Speaker
Description
Hafnium (Hf) is a superconducting material that has been gaining popularity among the superconducting detector community – for e.g. TES bolometers (Rotermund et al. in prep), TES calorimeters (Lita et al. 2009, Safonova et al. 2024), optical and near-IR MKIDs (Zobrist et al. 2019, Coiffard et al. 2020), phonon-sensitive MKIDs (Li et al. in prep), STJ (STAR Cryoelectronics SBIR awarded 2022), and QPDs (Ramanathan et al. 2024). Hf is an attractive superconducting film for many reasons, including that its bulk critical temperature (Tc) is near 128 mK, the London penetration depth is estimated to be 20 nm [Kraft et al. 1998], and the surface kinetic inductance is high at around 15-20 pH/◻ for a 125 nm film [Coiffard et al. 2020], thus making it well-matched to needs across many experiments.
One key difference between past Hf detector efforts and our own, is our use of a heated sputter deposition. The heated sputter deposition has 2-fold consequences 1) it enables us to precisely tune Tc to our desired target value due to its linear dependence on deposition temperature and 2) it ensures that the Tc is robust against subsequent exposure to heat as long as the initial deposition temperature is not exceeded.

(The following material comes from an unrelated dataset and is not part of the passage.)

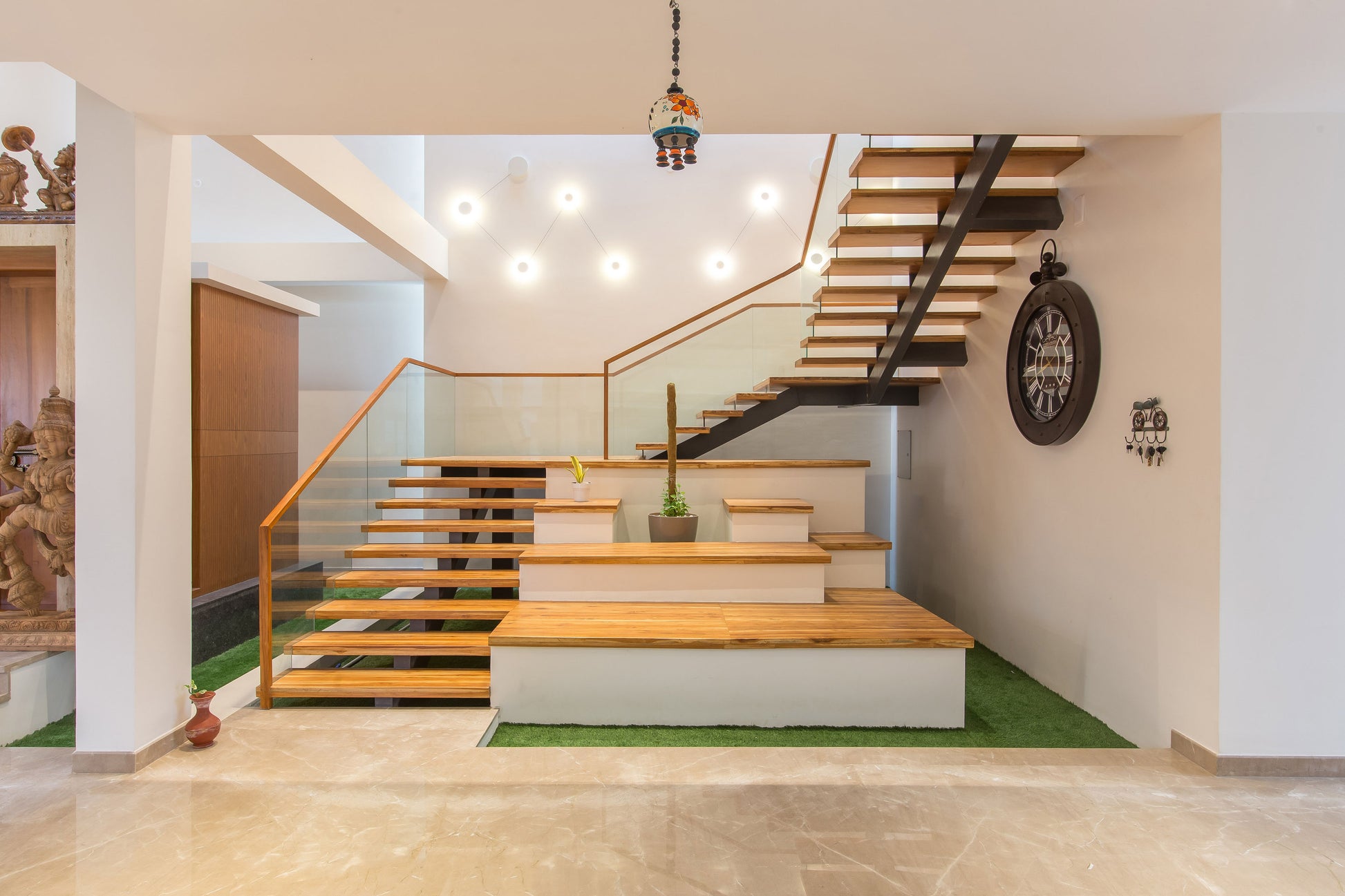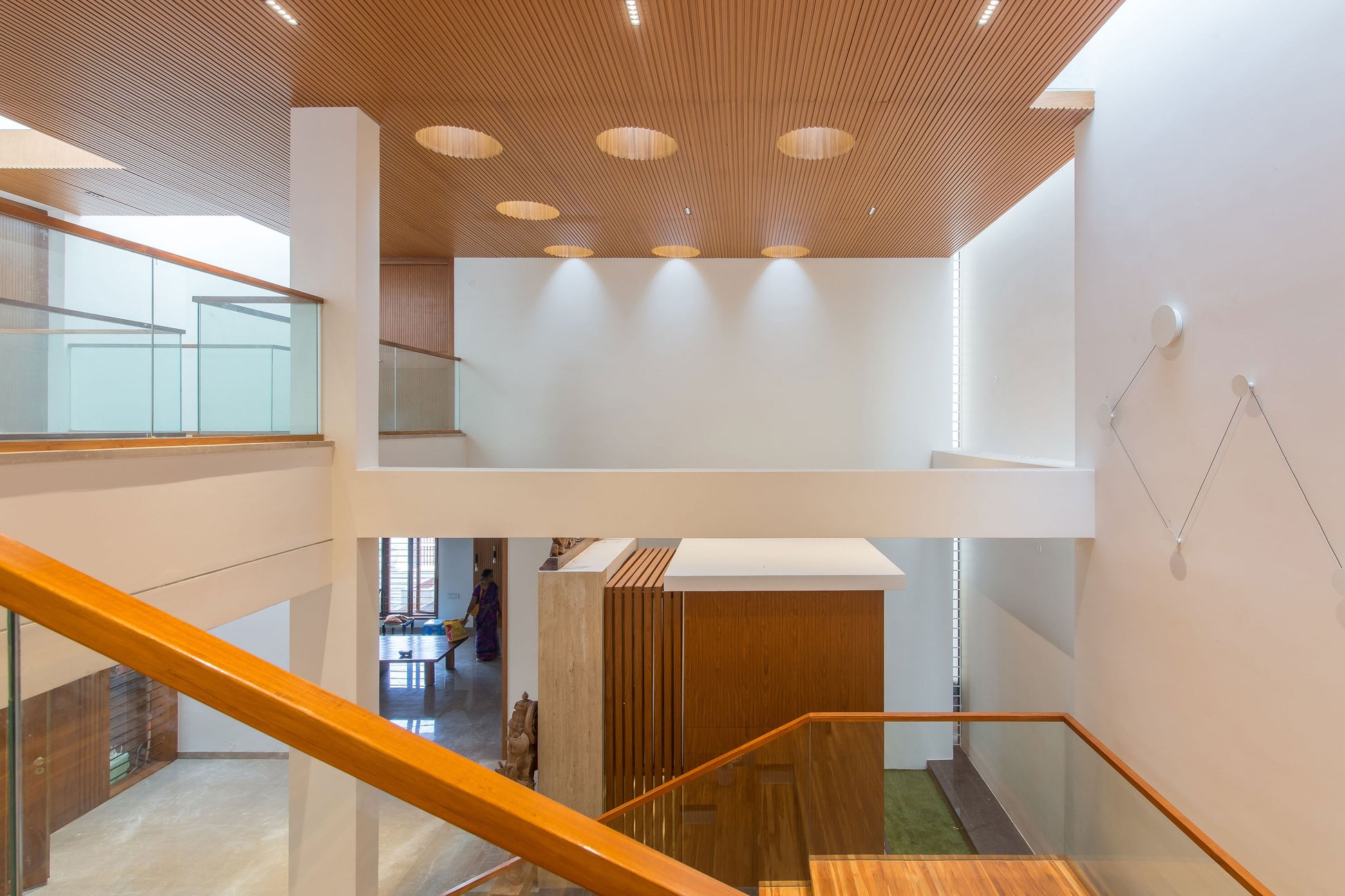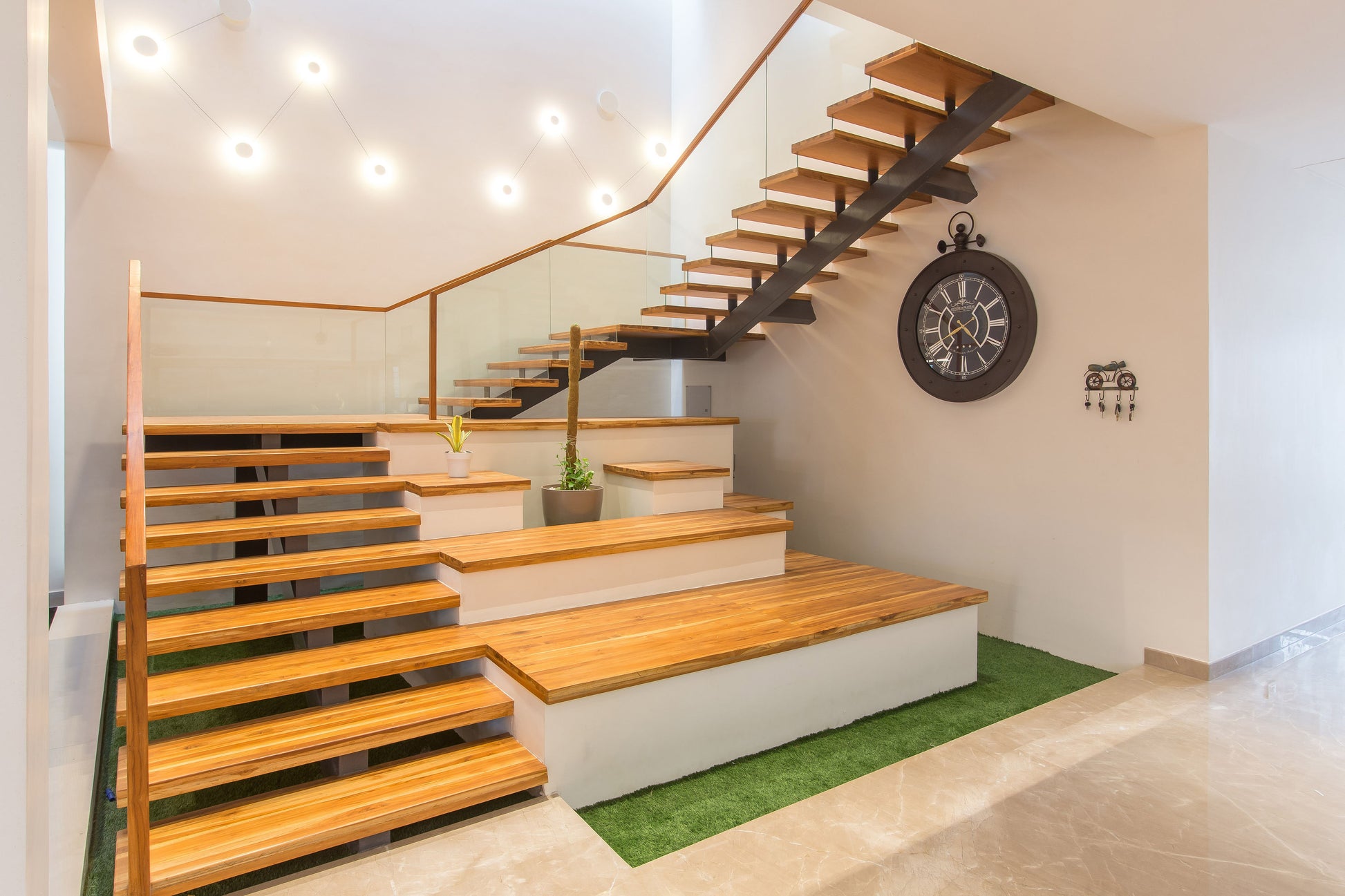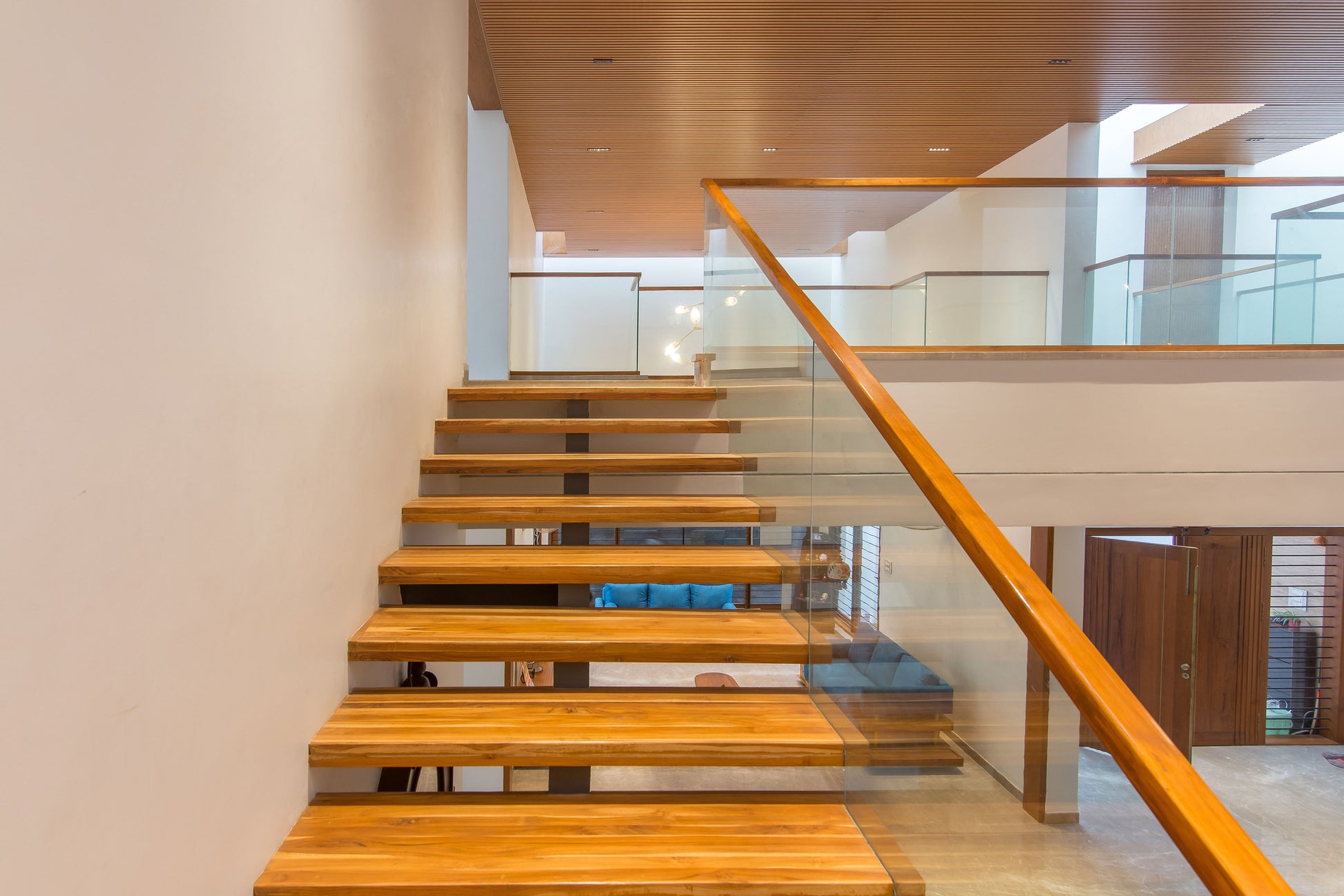 Stone cladding, wood-textured elements, and matte finishes are interwoven with large glass panels to allow light and depth to flow naturally. The elevation is designed not just for visual appeal, but for functionality—providing privacy, insulation, and a timeless curb appeal. Mod Faab’s architectural language here is both sculptural and smart, making the home stand out with quiet confidence.

Here we further develope our study of hafnium’s material properties that lends itself to being a good superconductor across many detector efforts. We considered film properties such as the phases present through XRD measurements and how they are affected by deposition temperature. XPS measurements reveal the native oxide that grows on the film making it challenging to make good electrical contact with the hafnium. We identify NbN as an alloy that makes reliable electrical contact with high yield.
As an example of a hafnium-based detector, we have successfully fabricated a TES bolometer integrated into a full-stack cosmic microwave background dichroic detector with polarization sensitivity.